A possible way of re-introducing the lost resolution is to run a 'random' generator at the 'resolution of lost bits', and then add that to the truncated Real4 (Real8).
A way of minimising FPU error propagation. ;)

raymond · February 12, 2019, 07:39:55 AM

NANs (including QNAN's and SNAN's) are sufficiently described in Simply FPU and would be a waste of time to start copying that section here.

See http://www.ray.masmcode.com/tutorial/fpuchap2.htm#nans

aw27 · February 12, 2019, 08:37:17 PM

If f is a NaN then f !=f is true.
This is according to IEEE, so compilers/assemblers must abide.

guga · February 14, 2019, 03:45:59 AM

Quote from: AW on February 12, 2019, 08:37:17 PM
If f is a NaN then f !=f is true.
This is according to IEEE, so compilers/assemblers must abide.

Yes, but some compilers generates errors when converting string to FPU and it is hard to identify them while you are disassembling or debugging.

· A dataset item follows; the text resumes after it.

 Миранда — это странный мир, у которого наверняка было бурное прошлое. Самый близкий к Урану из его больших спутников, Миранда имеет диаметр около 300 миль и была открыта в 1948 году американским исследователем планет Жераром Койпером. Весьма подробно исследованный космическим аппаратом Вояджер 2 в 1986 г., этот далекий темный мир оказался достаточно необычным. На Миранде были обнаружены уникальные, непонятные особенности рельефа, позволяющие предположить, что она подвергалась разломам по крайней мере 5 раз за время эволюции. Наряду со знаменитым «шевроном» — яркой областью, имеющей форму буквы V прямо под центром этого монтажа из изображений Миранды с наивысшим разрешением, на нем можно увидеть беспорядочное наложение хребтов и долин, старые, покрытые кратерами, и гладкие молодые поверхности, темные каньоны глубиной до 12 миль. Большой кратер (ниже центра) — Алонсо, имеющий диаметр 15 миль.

For example, the programmer is using Float as a global variable, but when it compiled it, the compiler generated a NAN, like this:
07ED 13900F00 00000000

So, if that variable was supposed to be used on a multiplication or division operation, for example, it will produce an error. And this error is hard to identify or fix. On the disassembler we needed to make fixes when found bugs like these ones forcing the numbers of that variable to be restricted on their own boundaries. On such situations, to fix that we needed to check the next good value that is, on this case: 07ED 80000000 00000000 (1.0361967820008025600E-4321)

Sure, we could also look for the previous good value as well, but, they are the same (on this case) 07EC FFFFFFFF FFFFFFFF (1.0361967820008025600E-4321), showing us that the NAN was, in fact: 1.0361967820008025600E-4321 (07ED 80000000 00000000) and we could safely use that value, rather then accepting the NAN as a good value.

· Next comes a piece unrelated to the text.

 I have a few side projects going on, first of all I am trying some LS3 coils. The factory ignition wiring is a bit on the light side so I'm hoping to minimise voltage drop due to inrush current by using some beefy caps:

This kind of gap, is for the disassembler and debugger purposes and not for defining a NAN or checking for zero divisions etc. For the disassembler point of view, its useless trying to "guess" what the number was originally, because we are analyzing a defined value with certain Bytes that certainly was badly generated due to an error on the linker/compiler that failed to check for the NANs or error mode values or by any other unknown error. For example, if the user was trying to build things like:
T$ 1.0361967820008025600E-4321, instead the compiler output this bytes: 07ED 80000000 00000000, it outputed bad ones, like 07ED 7FFFFFFF 00000000, or 07ED 13900F00 00000000 like in the example showed.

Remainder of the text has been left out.